Lanier, J. (2006). Homuncular flexibility. Edge.

Loomis, J. M. (1992). Distal attribution and presence. Presence: Teleoperators and Virtual Environments, 1(1), 113-119.

White, B. W. (1970). Perceptual findings with the vision-substitution system. IEEE Transactions on Man-Machine Systems, 11(1), 54-58.

4 thoughts on “Being a lobster and using a hammer: “homuncular flexibility” and distal attribution

  1. I think spending a little more time thinking about the metaphor of senses is valuable, particularly in social interactions. For example, if we think of having a conversation while looking at each other, then what I see is nearly 100% different from what you see. But if I say “Oh, do you smell that bread baking?” then we’re both having an identical sensory experience: smell is inherently a communal, shared, localized sense.

    I think that example is from The Transmission of Affect, in which the late Teresa Brennan makes some very nice points about the ways in which we understand emotion in similar kinds of ways. I think it’d be up your alley, actually, although the approach she takes differs significantly from yours.

  2. Great comment — and I appreciate the pointer.

    It’s interesting how the lack of substantial difference in sensory input with smell comes along with some vacillation in how we talk about smells (vs. sights): we talk about the smells themselves — locating them either as perceptual objects or scents in the air — but also about the distal objects.

    More generally, if there was no difference in perceptual experience between people, then a broader version of this vacillation — and problem for our communication being meaningful — would obtain.

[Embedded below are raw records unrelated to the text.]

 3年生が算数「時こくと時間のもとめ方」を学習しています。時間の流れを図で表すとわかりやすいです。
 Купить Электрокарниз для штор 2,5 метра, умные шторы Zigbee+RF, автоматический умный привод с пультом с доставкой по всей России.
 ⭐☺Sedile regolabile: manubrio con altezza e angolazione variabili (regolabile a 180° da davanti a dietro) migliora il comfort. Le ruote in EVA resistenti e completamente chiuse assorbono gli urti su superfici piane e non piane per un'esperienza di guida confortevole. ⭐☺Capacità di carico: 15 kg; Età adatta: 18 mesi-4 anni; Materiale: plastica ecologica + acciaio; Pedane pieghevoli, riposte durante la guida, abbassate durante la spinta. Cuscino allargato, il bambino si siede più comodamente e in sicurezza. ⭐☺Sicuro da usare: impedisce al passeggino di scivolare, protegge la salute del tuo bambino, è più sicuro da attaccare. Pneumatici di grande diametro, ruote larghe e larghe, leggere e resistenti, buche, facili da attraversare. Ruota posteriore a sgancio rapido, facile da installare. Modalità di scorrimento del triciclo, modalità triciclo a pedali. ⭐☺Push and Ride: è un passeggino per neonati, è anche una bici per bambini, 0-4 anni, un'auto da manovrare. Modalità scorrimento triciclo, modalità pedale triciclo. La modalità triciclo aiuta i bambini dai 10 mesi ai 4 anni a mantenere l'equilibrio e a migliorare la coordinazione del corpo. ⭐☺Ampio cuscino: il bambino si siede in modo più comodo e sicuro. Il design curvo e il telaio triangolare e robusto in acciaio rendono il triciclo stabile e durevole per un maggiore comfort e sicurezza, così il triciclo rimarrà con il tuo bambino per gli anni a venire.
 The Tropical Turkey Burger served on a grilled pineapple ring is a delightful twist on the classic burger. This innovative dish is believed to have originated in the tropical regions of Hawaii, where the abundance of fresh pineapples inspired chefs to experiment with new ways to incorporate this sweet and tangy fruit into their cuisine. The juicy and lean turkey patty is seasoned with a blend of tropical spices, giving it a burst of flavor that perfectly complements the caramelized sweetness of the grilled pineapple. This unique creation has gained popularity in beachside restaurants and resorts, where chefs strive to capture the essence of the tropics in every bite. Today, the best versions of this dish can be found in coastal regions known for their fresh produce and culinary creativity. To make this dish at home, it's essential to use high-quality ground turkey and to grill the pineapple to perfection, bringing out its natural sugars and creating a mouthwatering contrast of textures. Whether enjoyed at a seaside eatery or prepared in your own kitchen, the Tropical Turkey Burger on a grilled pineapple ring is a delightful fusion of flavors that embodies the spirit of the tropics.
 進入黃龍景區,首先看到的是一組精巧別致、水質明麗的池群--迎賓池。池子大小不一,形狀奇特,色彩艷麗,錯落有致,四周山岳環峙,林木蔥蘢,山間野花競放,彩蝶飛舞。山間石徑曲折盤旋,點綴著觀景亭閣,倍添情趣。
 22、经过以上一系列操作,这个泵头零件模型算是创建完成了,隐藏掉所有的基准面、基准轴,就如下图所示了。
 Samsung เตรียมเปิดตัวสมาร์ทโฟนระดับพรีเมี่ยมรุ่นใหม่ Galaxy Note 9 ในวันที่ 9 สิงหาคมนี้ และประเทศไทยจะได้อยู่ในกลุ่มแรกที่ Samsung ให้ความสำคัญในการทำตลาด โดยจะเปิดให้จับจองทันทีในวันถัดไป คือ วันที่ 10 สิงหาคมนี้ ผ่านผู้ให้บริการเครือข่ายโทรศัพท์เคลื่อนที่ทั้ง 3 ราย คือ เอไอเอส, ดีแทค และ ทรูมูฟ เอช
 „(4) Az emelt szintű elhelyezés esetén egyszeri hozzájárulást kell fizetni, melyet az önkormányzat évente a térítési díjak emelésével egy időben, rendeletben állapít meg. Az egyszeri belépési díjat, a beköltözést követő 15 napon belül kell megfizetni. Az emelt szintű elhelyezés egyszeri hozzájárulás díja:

  3. This is very interesting.

    A lot of time, in Eastern “Internal” Martial Arts, the practitioners often require to learn to “feel the Qi/Chi” and do certain mental imaginations such as rings, spheres etc.

    I believe such mental training influences the way the body functions, and may even re-map the homunculus a certain way, giving the pratitioner “higher” abilities.

    I thinks Qi/Chi and other forms of “energetics” practices is an illusion, kind of like a virtual reality machine that works by influencing the pratitioners’ most complex organ – the brain.

  4. Hey, thanks for this, I’m going to try and attack Shaun Gallagher’s anti-representationalist argument for skill acquisition/refinement in the last tute presentation of my degree on Monday. I’m fairly happy with my argument for minimal representations, but as a tradesman carpenter who has also started quite a few apprentices over the years, who’ll be talking to younger, fresh-from-school classmates and academics, I think a little demonstration that there is some representation required in first starting to use a hammer correctly would be a nice little empirical demonstration.